Exact copy, pictures excluded: the lines from the one containing "Linden Blouse &" to the end of the listing.
Start of Block
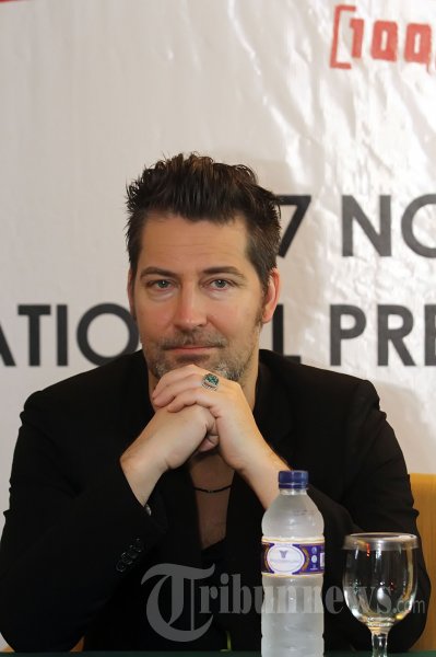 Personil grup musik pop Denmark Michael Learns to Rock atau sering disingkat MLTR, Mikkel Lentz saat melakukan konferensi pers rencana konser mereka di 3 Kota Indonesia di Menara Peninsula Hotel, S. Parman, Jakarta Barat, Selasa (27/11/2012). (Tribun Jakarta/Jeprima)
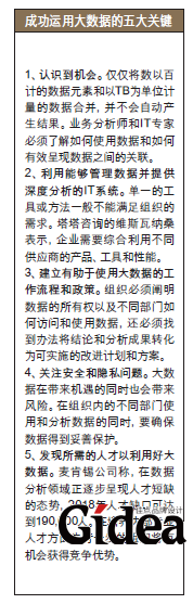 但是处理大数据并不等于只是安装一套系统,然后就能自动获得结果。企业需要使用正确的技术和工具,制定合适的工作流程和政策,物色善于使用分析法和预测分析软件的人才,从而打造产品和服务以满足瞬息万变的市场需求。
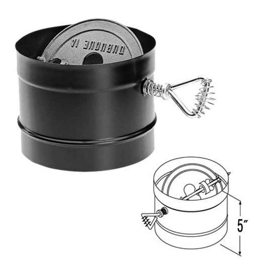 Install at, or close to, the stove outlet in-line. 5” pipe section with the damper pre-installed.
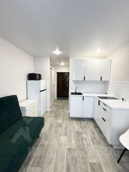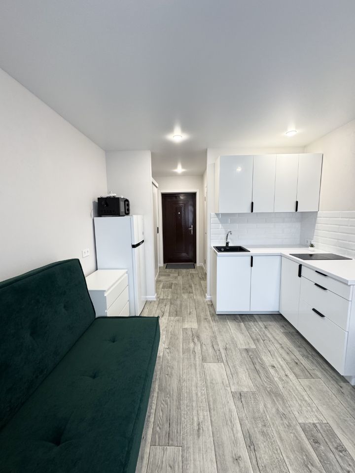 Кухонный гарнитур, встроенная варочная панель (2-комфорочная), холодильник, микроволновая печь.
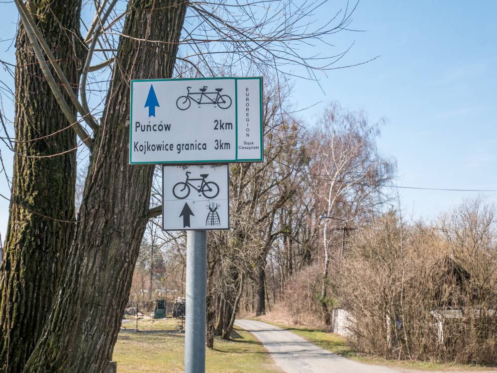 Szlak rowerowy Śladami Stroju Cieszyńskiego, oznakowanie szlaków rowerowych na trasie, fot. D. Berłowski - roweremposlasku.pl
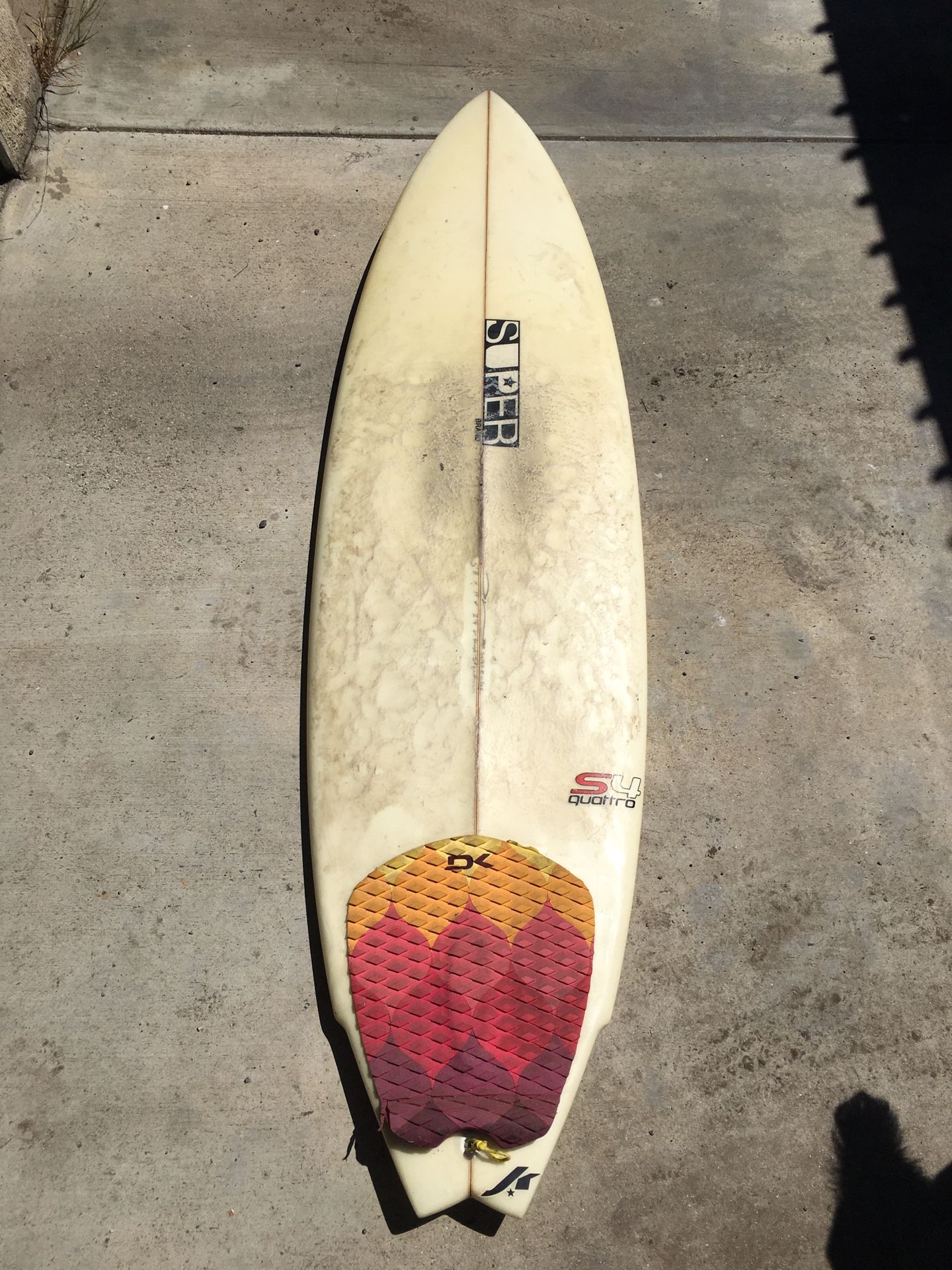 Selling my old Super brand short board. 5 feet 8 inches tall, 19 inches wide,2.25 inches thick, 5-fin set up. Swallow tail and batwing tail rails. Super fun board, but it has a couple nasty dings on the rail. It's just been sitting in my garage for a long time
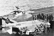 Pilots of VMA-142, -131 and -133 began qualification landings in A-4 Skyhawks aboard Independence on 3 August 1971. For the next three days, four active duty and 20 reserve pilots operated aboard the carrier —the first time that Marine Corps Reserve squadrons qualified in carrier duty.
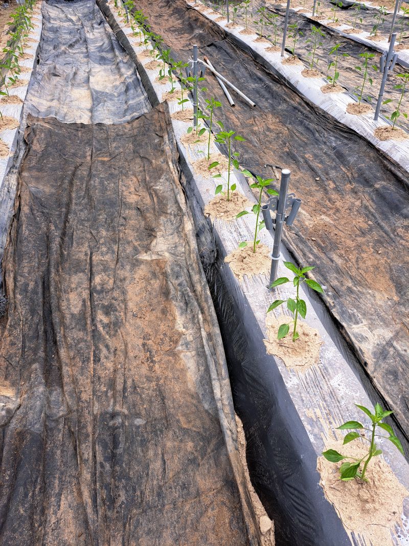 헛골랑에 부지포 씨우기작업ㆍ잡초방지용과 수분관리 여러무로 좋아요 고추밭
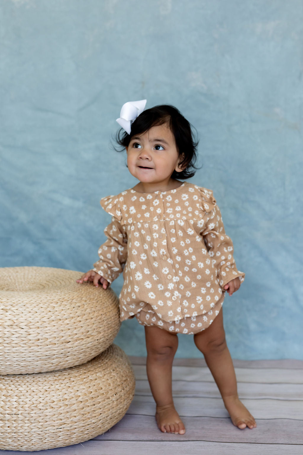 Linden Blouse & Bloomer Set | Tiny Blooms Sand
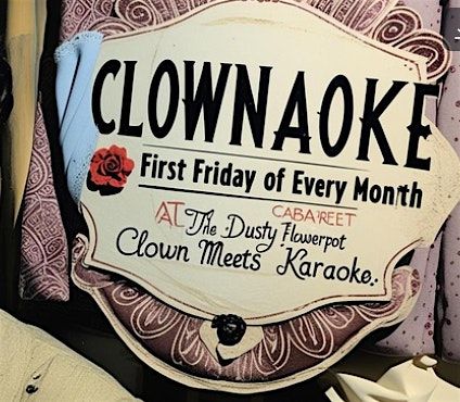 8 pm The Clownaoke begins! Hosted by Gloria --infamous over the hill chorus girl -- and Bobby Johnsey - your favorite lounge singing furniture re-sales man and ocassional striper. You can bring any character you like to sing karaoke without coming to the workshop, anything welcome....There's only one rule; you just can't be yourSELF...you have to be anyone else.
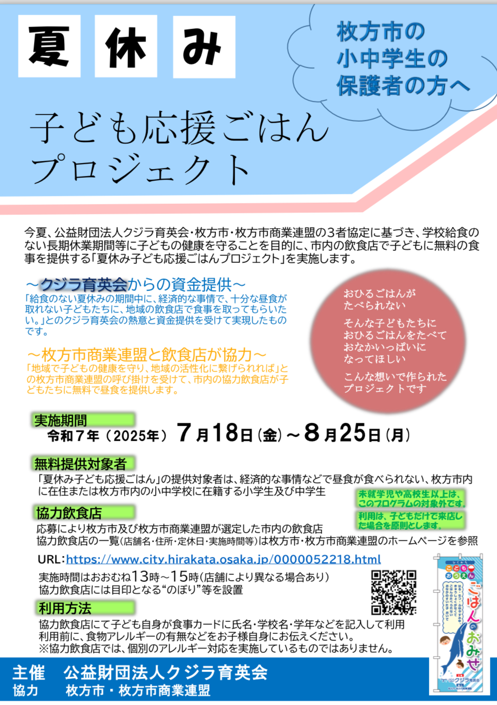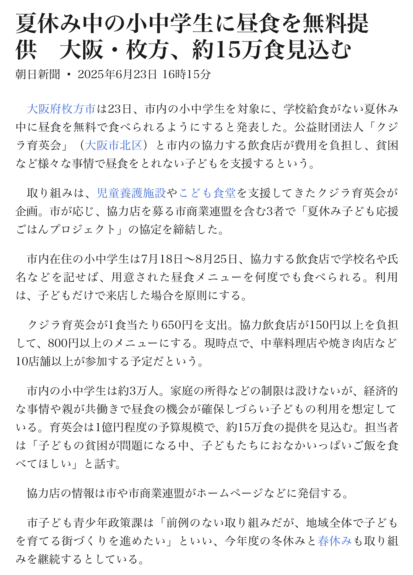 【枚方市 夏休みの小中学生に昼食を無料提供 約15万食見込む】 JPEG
End of Block
### [WRITTEN RESPONSE]
 Linden Blouse & Bloomer Set | Tiny Blooms Sand
 8 pm The Clownaoke begins! Hosted by Gloria --infamous over the hill chorus girl -- and Bobby Johnsey - your favorite lounge singing furniture re-sales man and ocassional striper. You can bring any character you like to sing karaoke without coming to the workshop, anything welcome....There's only one rule; you just can't be yourSELF...you have to be anyone else.
 【枚方市 夏休みの小中学生に昼食を無料提供 約15万食見込む】 JPEG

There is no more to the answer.